Rückbauanlage Gundremmingen

Antragsunterlagen

Wie schon der Bau und Betrieb eines Kernkraftwerks ist auch dessen Abbau ein Vorhaben, das nach dem Atomgesetz behördlich geprüft, genehmigt und begleitet werden muss. Genehmigungsbehörde für den Abbau des Kernkraftwerks Gundremmingen ist das Bayerische Staatsministerium für Umwelt und Verbraucherschutz.

Antrags- und Genehmigungsunterlagen zum Rückbauvorhaben finden Sie hier in chronologischer Abfolge.

  • 13.12.2021

    Antrag auf Genehmigung eines Transportbereitstellungs- und Logistikgebäude Gundremmingen (TLG)

    Zur Sicherstellung des gesetzlich vorgegebenen unverzüglichen Anlagenabbaus ist die Errichtung eines Transportbereitstellungs- und Logistikgebäudes (TLG) notwendig.

    Das vom Bund geplante neue Logistikzentrum für das Endlager Konrad (LOK) wird frühestens 2027 (Stand heute) seinen Betrieb aufnehmen und in den darauffolgenden Jahren die beim Abbau aller deutschen Kernkraftwerke anfallenden Abfälle sukzessive aufnehmen. Vor diesem Hintergrund sollen die anfallenden schwach- und mittelradioaktiven Abfälle bis zur Abgabe an den Bund neben den aktuell noch verfügbaren Lagerkapazitäten auch in einem eigens hierfür auf dem Betriebsgelände neu zu errichtenden Transportbereitstellungs- und Logistikgebäude (TLG) aufbewahrt werden.

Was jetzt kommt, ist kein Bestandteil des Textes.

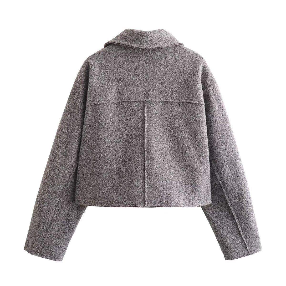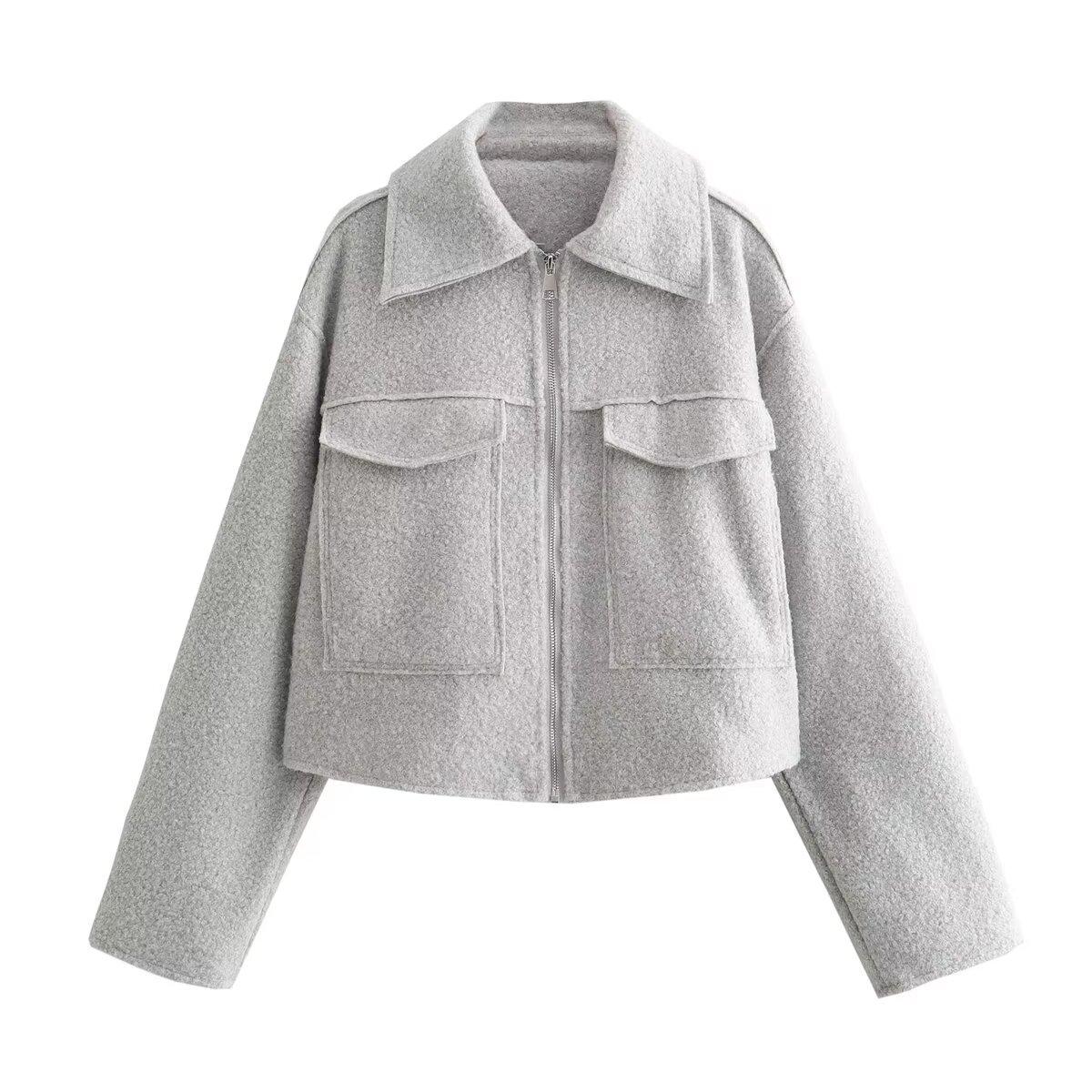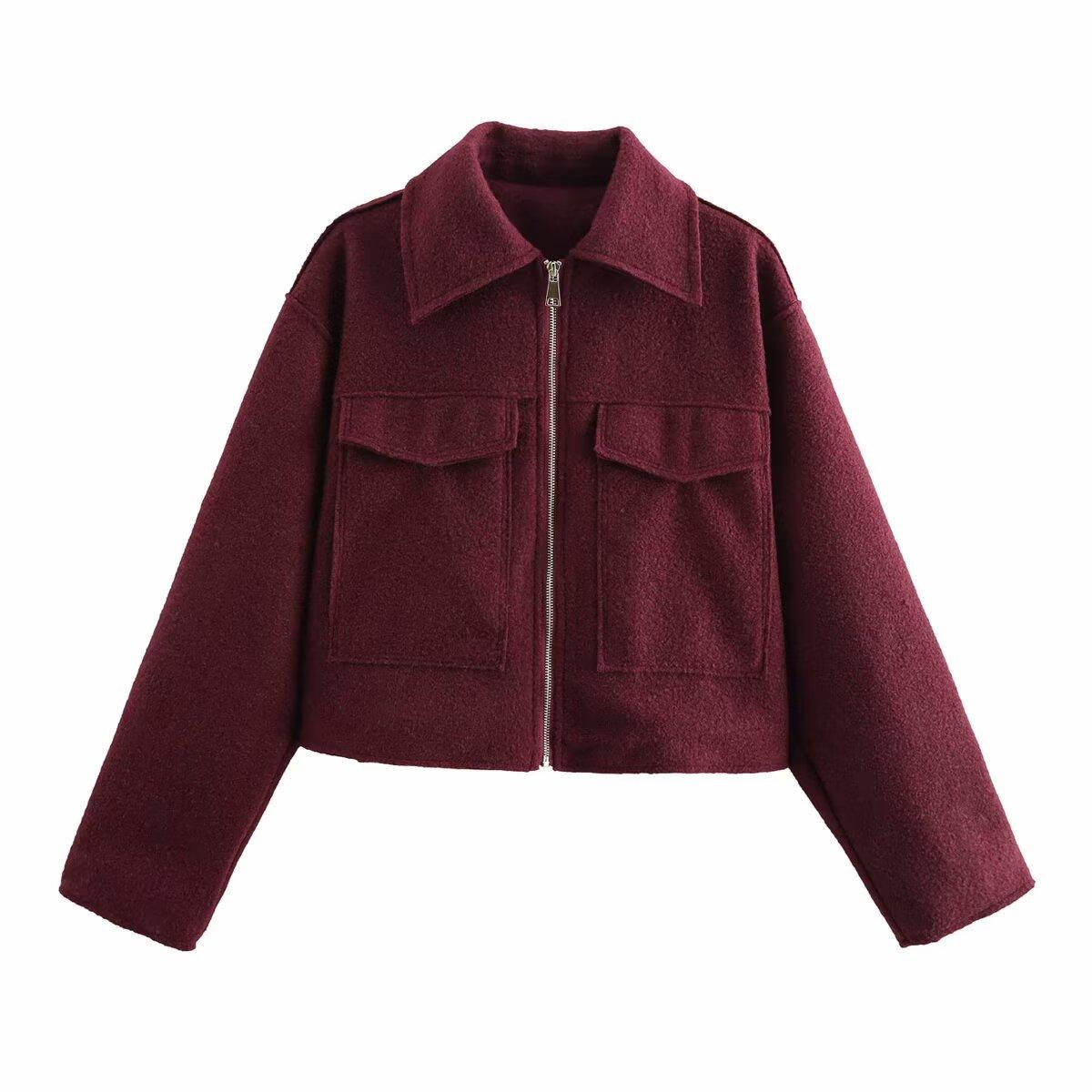 Invierno 2025 Nuevo Ropa de Mujer Transfronteriza Europea y Americana Chaqueta Corta de Lana con Cremallera Multicolor W107 8684
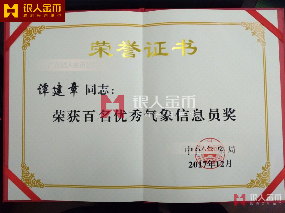 全國百名優(yōu)秀氣象信息員獎(jiǎng)榮譽(yù)證書
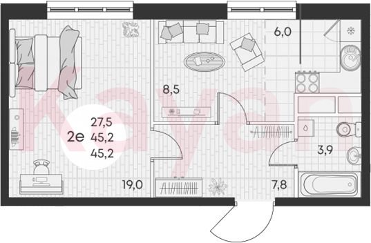Продажа 2-комн. квартиры, 45.2 кв.м
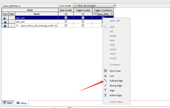 在uart_rxd的trigger conditions的位置,右击,选择falling edge。
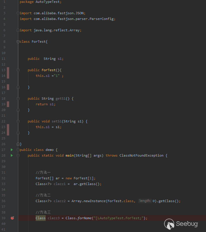 3、AutoTypeTest.ForTest[]對應的類對象名則為"[LAutoTypeTest.ForTest;"
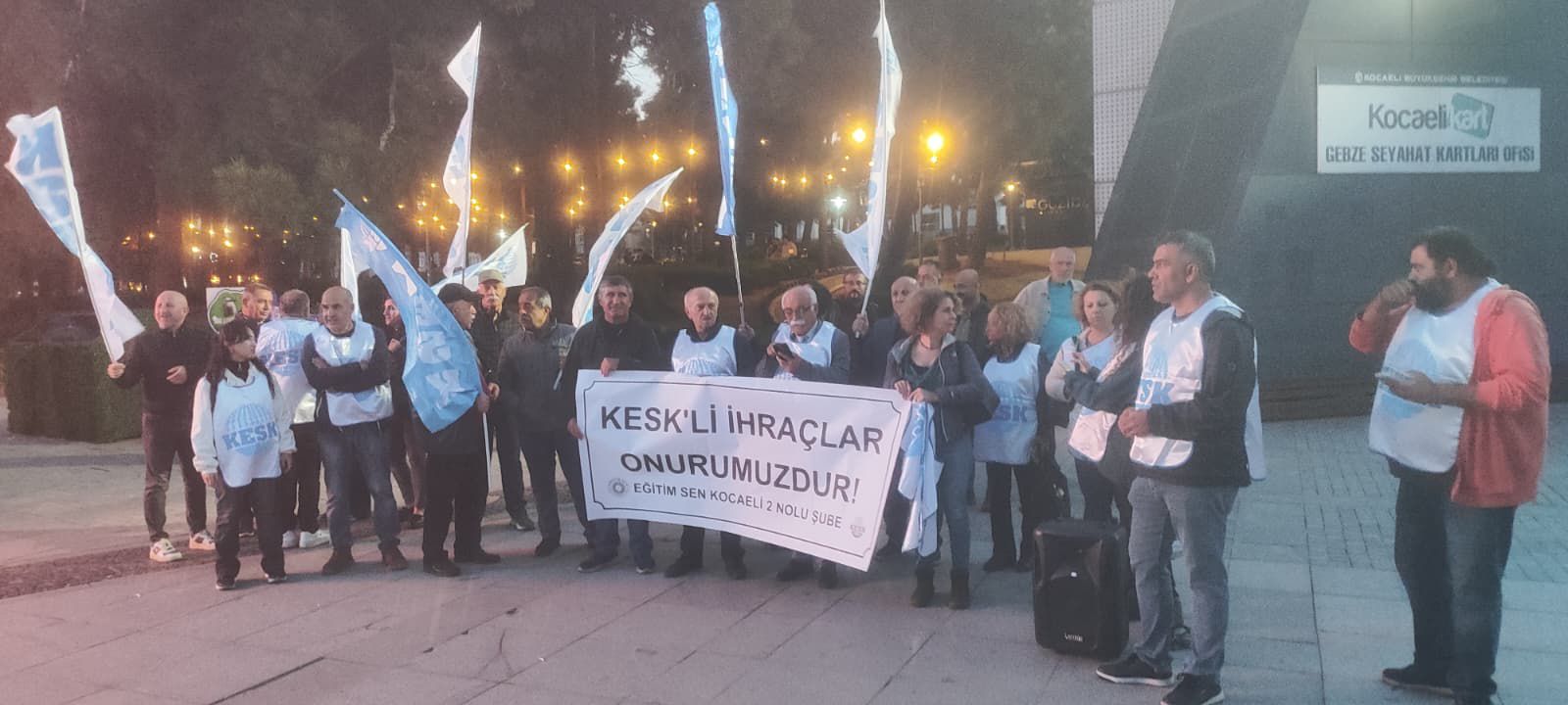 Eğitim-Sen Gebze, “5 Gün, 7 Kent, Tek Ses” a yürüyüşünün bittiği gün meydana çıktı. İktidarın, 12 Eylül ve 28 Şubat süreçlerine adeta nazire yaparcasına, “ölümüne” ihraçlarına karşı kesintisiz mücadelenin süreceği açıklandı
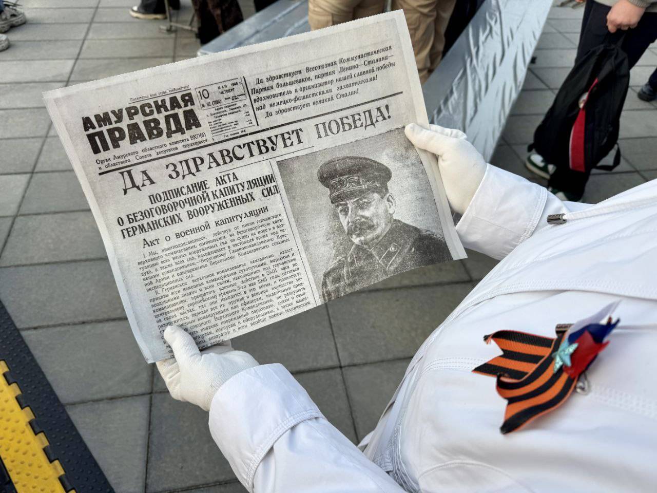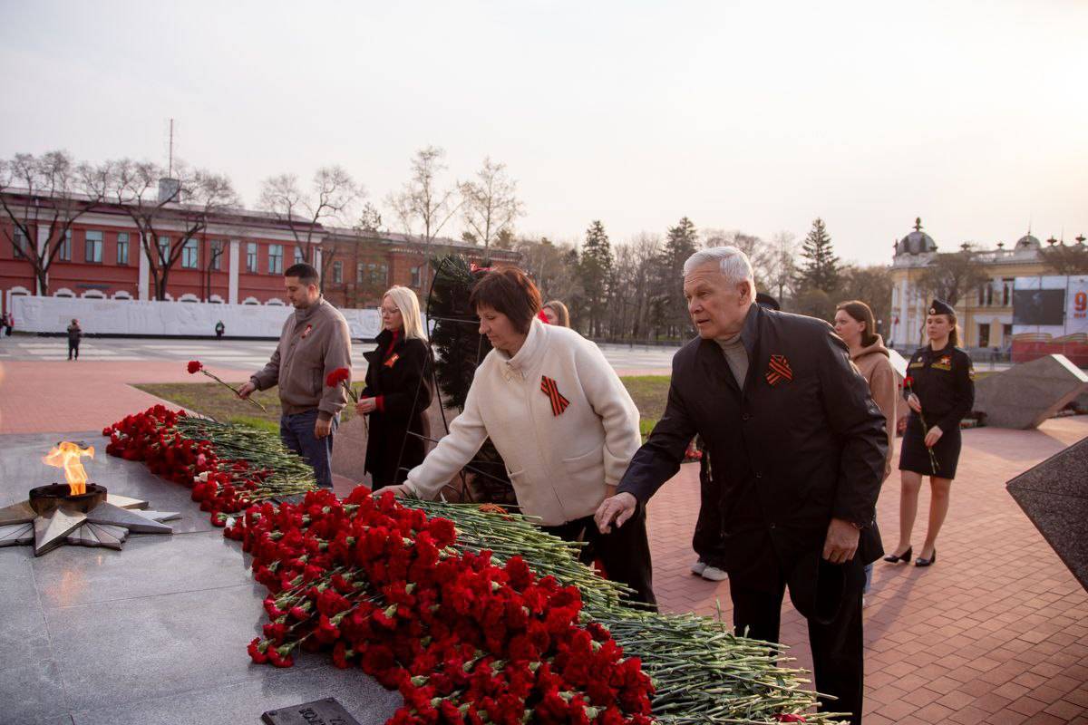 После просмотра видеоролика участники проследовали по набережной к площади Победы, где возложили цветы. Символично, что набережная Амура в мае 1945 года представляла собой линию фронта. На правом берегу располагались войска милитаристской Японии. Победа 3 сентября 1945 года была впереди.
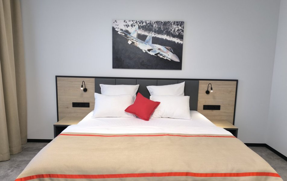 Восемь уютных номеров студийного типа оформлены с вниманием к деталям и оснащены всем необходимым для полноценного отдыха в перерывах между перелетами. Продуманная система климат-контроля и приточно-вытяжная вентиляция создают идеальный микроклимат, а ортопедический матрас на двуспальной кровати и мягкий раскладной диван гарантируют здоровый сон на свежем белоснежном белье. Для работы или планирования маршрутов предусмотрена удобная рабочая зона, а стабильный безлимитный интернет позволяет оставаться на связи.
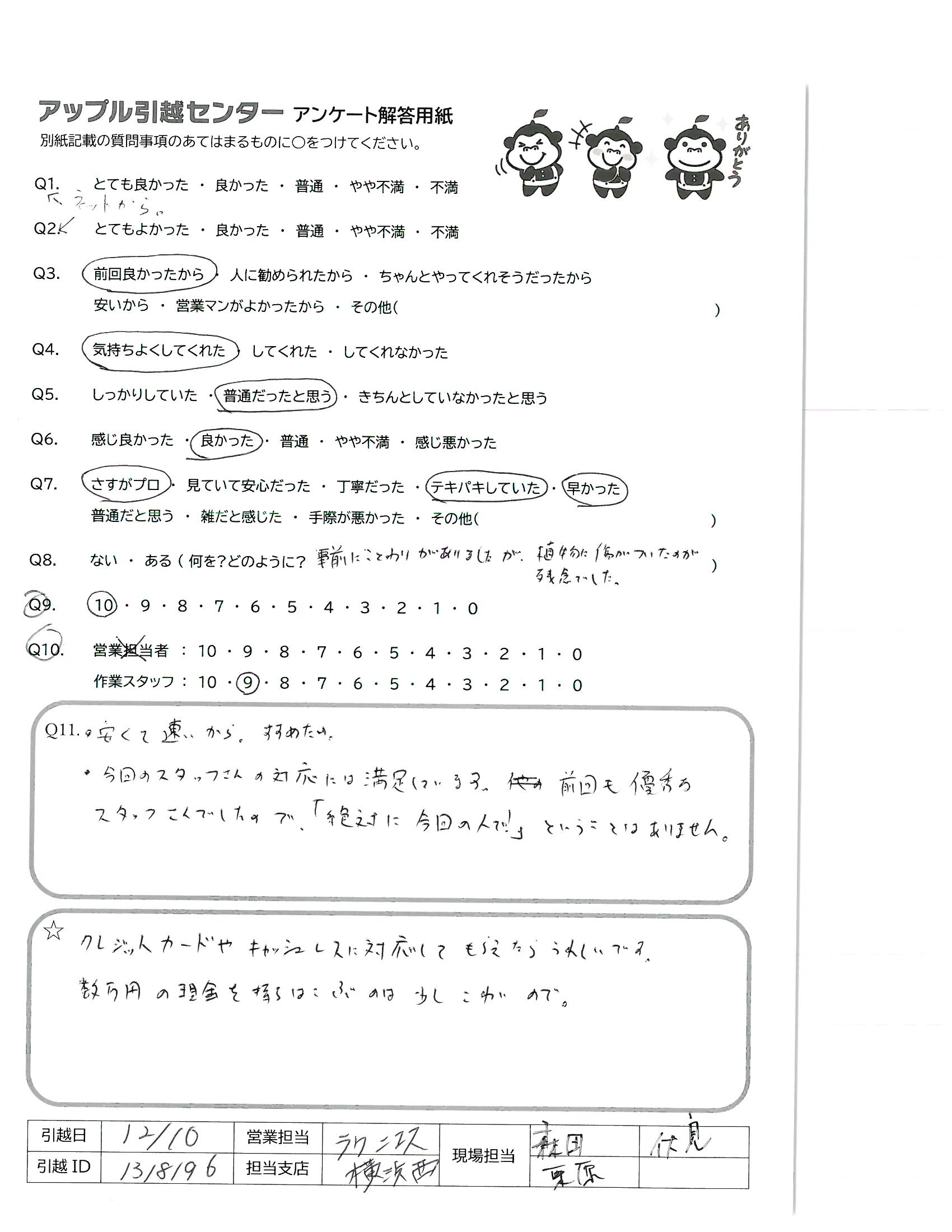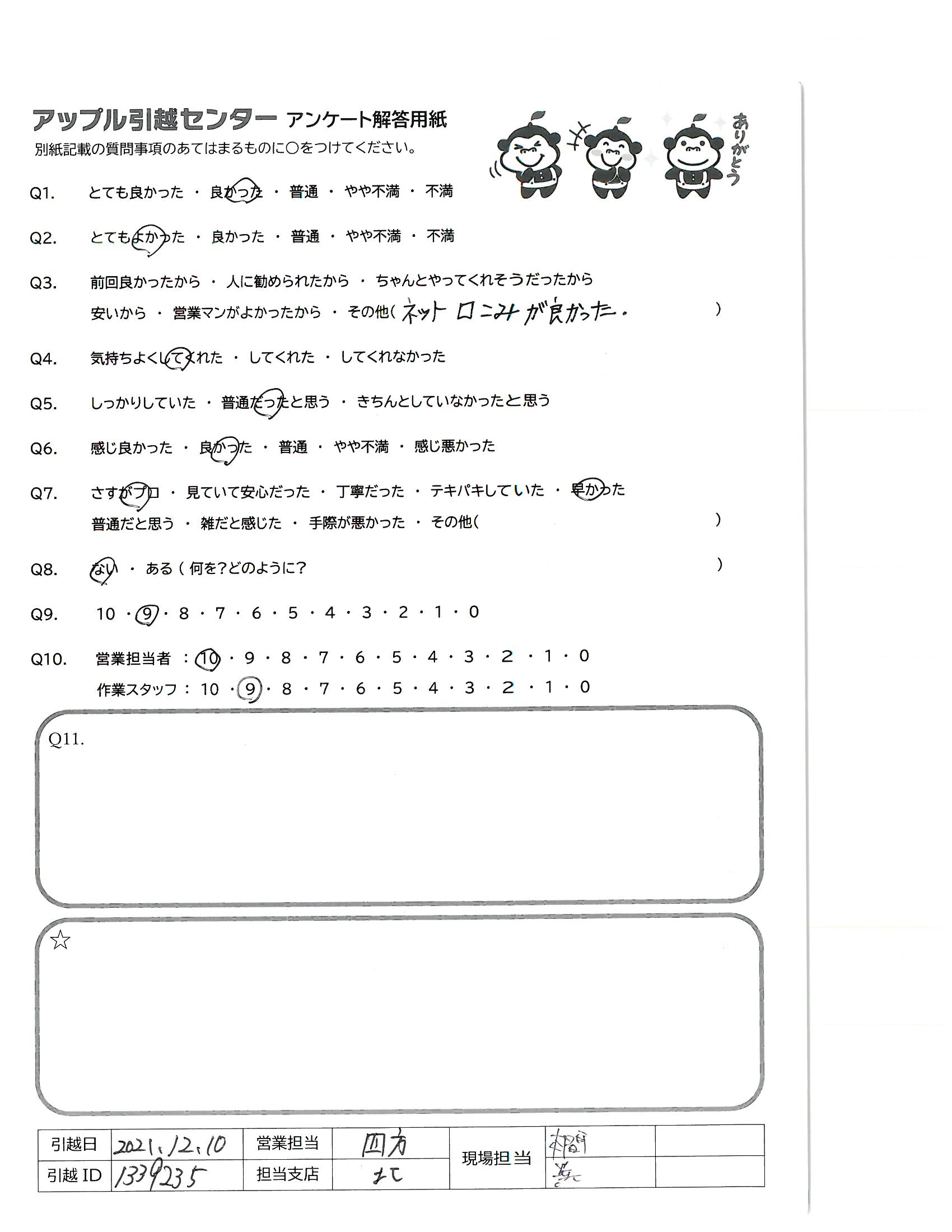 引越し日:2021年12月10日 エリア:神奈川県横浜市港南区
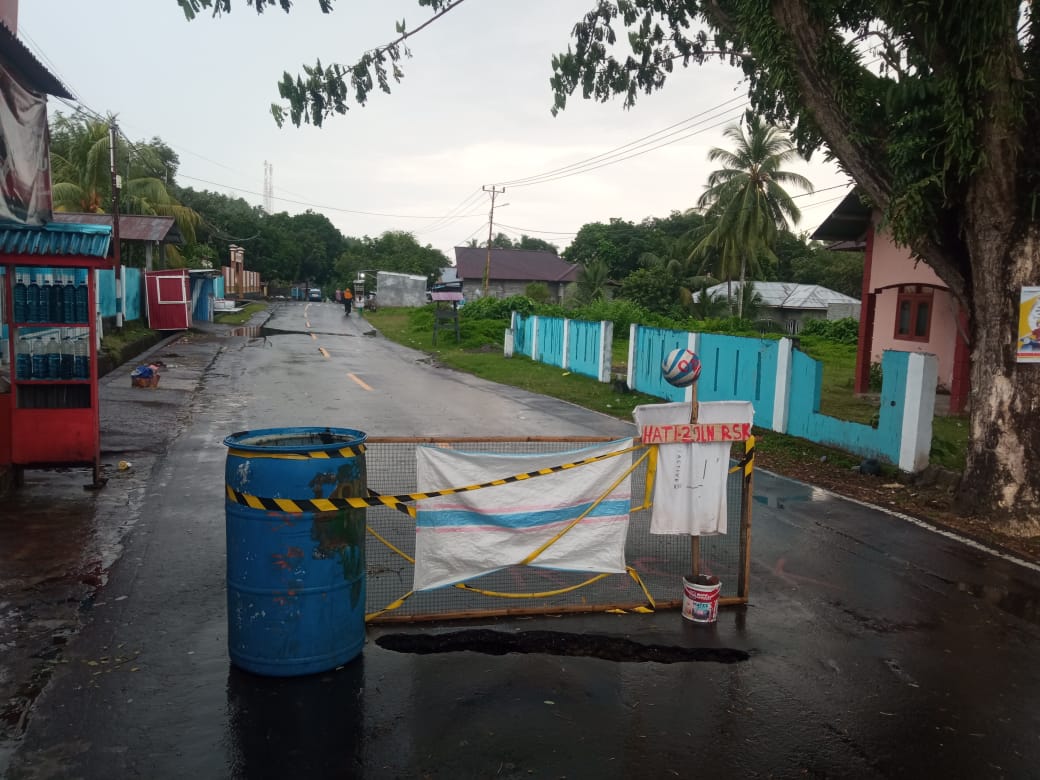 “Fondasi saluran air di bawah jalan itu sudah rusak. Karena itu, aspal badan jalan langsong dan berlubang hingga satu meter ke tanah. Sedangkan panjang lubangnya sekitar satu meter lebih,” tambah Amir.
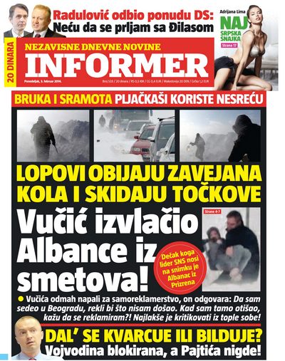 Uz obaveštenje kako „lopovi obijaju zavejana kola i skidaju točkove“ i odgovor Vučića na optužbe za samoreklamerstvo, tu je objavljen naslov koji nema nikakve veze ni s ostatkom sadržaja, ni s profesionalnim standardima: „Vučić izvlačio Albance iz smetova!“ piše uz snimke Vučića koji nosi dete u naručju i kolone zavejanih automobila. Na stranu to što nadnaslov i podnaslov pričaju jednu, a sam naslov sasvim drugu priču – to je za Informer ne tako atipična pojava.

    Antrag auf Genehmigung eines Transportbereitstellungs- und Logistikgebäudes Gundremmingen (PDF)


    27.05.2021

    Genehmigung für die Stilllegung und den Abbau nicht mehr benötigter Anlagenteile von Block C

    Am 26. Mai 2021 hat die zuständige Aufsichtsbehörde, das Bayerische Staatsministerium für Umwelt und Verbraucherschutz (StMUV), die Genehmigung nach § 7 Abs. 3 des Atomgesetzes für die Stilllegung und den Abbau nicht mehr benötigter Anlagenteile von Block C erteilt.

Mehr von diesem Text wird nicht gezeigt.